If the son says he wants to do or be something big, don't mock him and don't say stuff like: "we're just an average family", "that's impossible", instead, encourage him.

Also, everything you promise, do it, even if it's the most simple thing in the planet.

And let him play with dirt and in nature as much as possible, and walk barefoot.

I'm a father of 5 and I know what I'm talking about (just kidding 😂)

Capture every moment, photos, videos, even the small, seemingly trivial ones. Time flies, and you’ll treasure these memories as your kids grow. Don’t stress over the little things! Parenthood quickly teaches you just how self-centered life was before kids. You’ll experience a full range of emotions, but learning patience becomes key.
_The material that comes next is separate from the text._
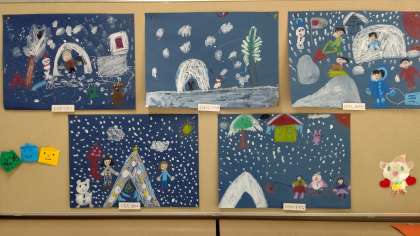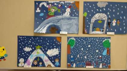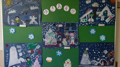 図工の時間に描いた雪遊びの絵が、教室に展示しています。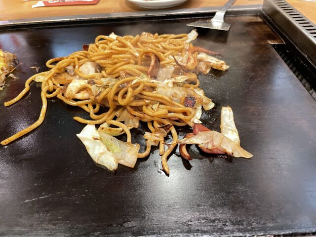 お好み焼きは好きで、家でも作って食べることがあるけど、鉄板で焼いていただくお好み焼きと焼きそばは格別でした~。

And above all, carve out time alone with your partner to maintain that side of your relationship. It matters more than you think.

When they are infants, go out. It gets harder when they get older.

Best advice I didn’t see anyone cover: prioritize sleep! Set schedules and keep them as much as possible. We started sleep training at 6m and I heard of people starting as soon as 3m. Search cry it out method. Kids need to learn how to self sooth. They can’t rely on stroller, car rides, MOM, being held in order to fall asleep. I’m not saying you should never do it, just limit it as they get older.

TL/DR version of Cry it Out. Send Mom away from home for the afternoon/evening and get ready…that baby wants you as you are EVERYTHING to them. Assuming they are well fed and diaper changed; put them down and get out of room. They cry, set a 5 min timer, go in settle them, check diaper, walk away. They cry set a 10 minute timer. Repeat but make sure you increase the time each time to you calm and check on them. 15, 20, 30, go in check on them and sooth them enough they aren’t hard crying. This process is hard on Moms, they are programmed to check on crying babies. I challenge anyone to cry for an hour and not be exhausted. They will fall asleep, it is a bit taxing but 2-3 nights and they will go down quicker and sleep better in the future.

Prioritize sleep! It pays dividends for the rest of their lives.